Mexican Stand-off


It's staring at you from across the room, little eyes shining in the moonlight, lying in wait for you to make just one wrong move. You are sitting there exhausted by the previous fight, alone in the dark, and you're waiting for it to once again let out the banshee scream that reverberates through the whole house. You know you won't win this way....but you'll be damned if you let overpower
you and come out the victor!
Mexican standoff (defined as: most precisely a confrontation between opponents, facing each other, with no clear winner. Each participant holds power over one opponent, and is at the mercy of the other opponent. Following any path of who holds power over whom invariably leads back to the original person after visiting all other participants. More opponents can be added as long as they fit into the above rule and thus do not change the balance of power.)





What I am talking about is bed time, as this does pertain to many other arguments as well.. It has been a battle for both of my kids since they were born.
12 year old never slept in her own bed until we moved to CR and she had a full size bed.

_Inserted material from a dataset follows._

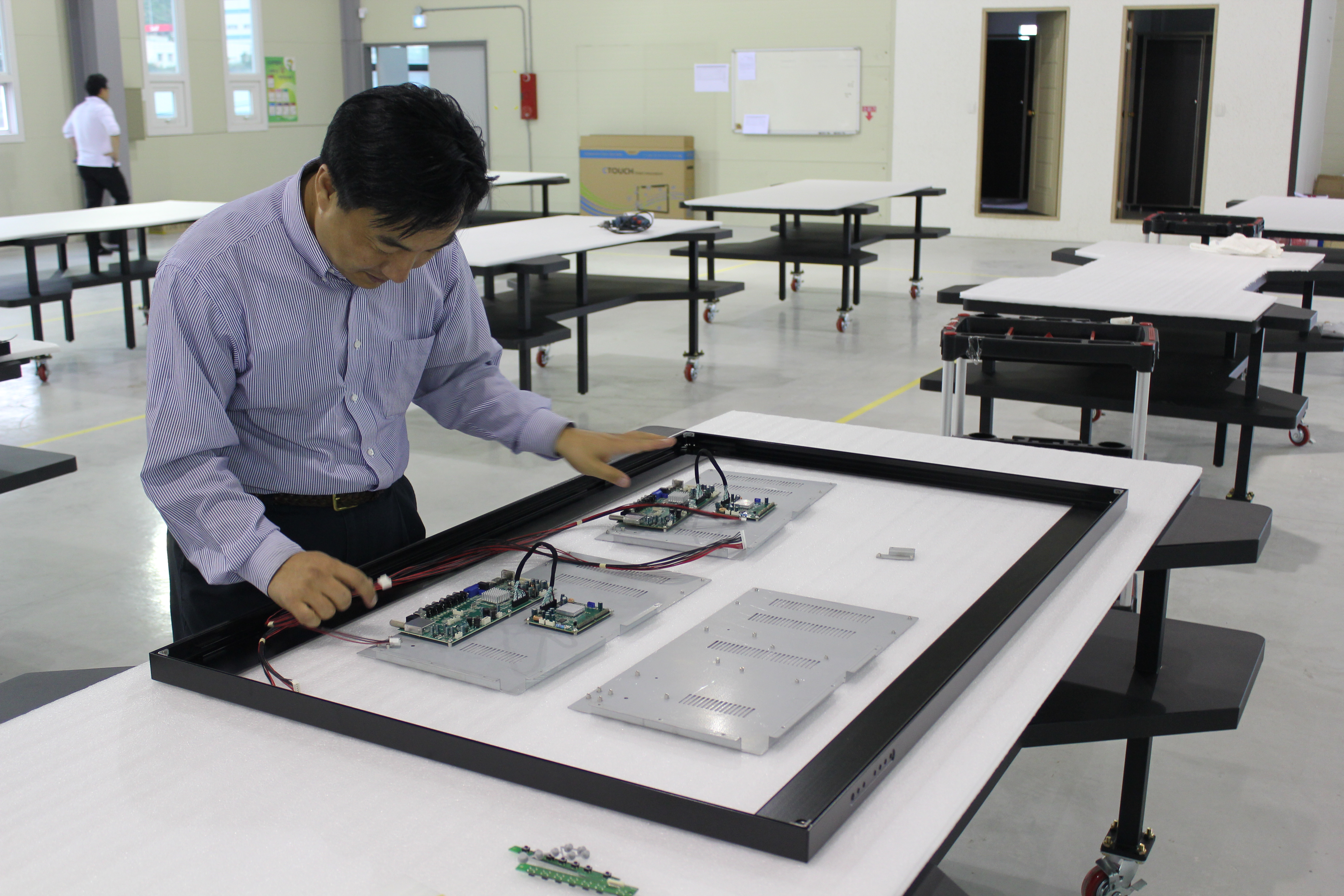 Ease of installation and maintenance services, low error rate and fast response speed employing the infrared camera allowing hand touch operation and accurate recognition of character writing with no use of exclusive pen.

And even that was about a month of her waking up and calling to me to be 'tucked back in' and begging me to lay down with her.
Now with 2 year old, she's HATED sleeping when she was a baby, only being held to sleep would work, and sometimes not even then. So many night of my crying, walking, and bouncing her pleading her to go to sleep.  Thought it would get better or that she would grow out of it. Especially when we moved to a 'big girl' bed. We have a pretty decent bed time routine, bath, stories, snack, drink, lights out. I have to be in the room until she falls asleep - which usually results in me falling sleep too and not coming out of her room until 10 or 10:30 most night. AND she still wakes up around 3, in which we come out on the couch to finish sleeping. Therefore affecting every aspect of life outside of the 2 year old world - no sleeping with husband, 12 year old getting woken up by the crying, no alarm, all warm and snuggling that you don't want to get up nor will 2 year old let you(therefore getting ready late), sharing a small space with a monkey playing twister.

I've tried all the tricks: crying it out, threats, rewards, taking her back in her bed after she gets out, sitting in there ignoring her, letting her pass out, giving her naps/not giving naps, nightlights(which she hates), stuffed animals, etc, etc.

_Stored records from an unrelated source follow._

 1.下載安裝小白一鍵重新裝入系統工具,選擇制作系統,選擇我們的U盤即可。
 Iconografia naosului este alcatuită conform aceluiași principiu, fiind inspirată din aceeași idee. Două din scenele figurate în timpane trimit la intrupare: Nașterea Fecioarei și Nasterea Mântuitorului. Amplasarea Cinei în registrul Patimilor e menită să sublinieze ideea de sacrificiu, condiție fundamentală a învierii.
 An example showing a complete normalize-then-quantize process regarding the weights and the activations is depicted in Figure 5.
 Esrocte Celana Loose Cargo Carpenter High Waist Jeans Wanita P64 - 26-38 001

It really has gotten better in the past few weeks, it's usually becoming me being a broken record of telling her to settle down to sleep instead of us screaming at each other because she doesn't want  to sleep and I want her too.

I still 'tuck' in my 12 year old when I am not fighting with 2 year old about sleeping and if I don't then husband does. 

Am I making my children co-dependent sleepers,  am I making it so that they can't sleep alone or fall asleep without me or something to assist them?? I don't think so, but we'll see when they are 30 and call me at 3am to 'tuck' them back in or 'rock' them back to sleep. For right now, it's a comfort thing, and it works for me(most of the time. But most of all, I'm glad I'm still needed for some things through this independent stage from both my kids.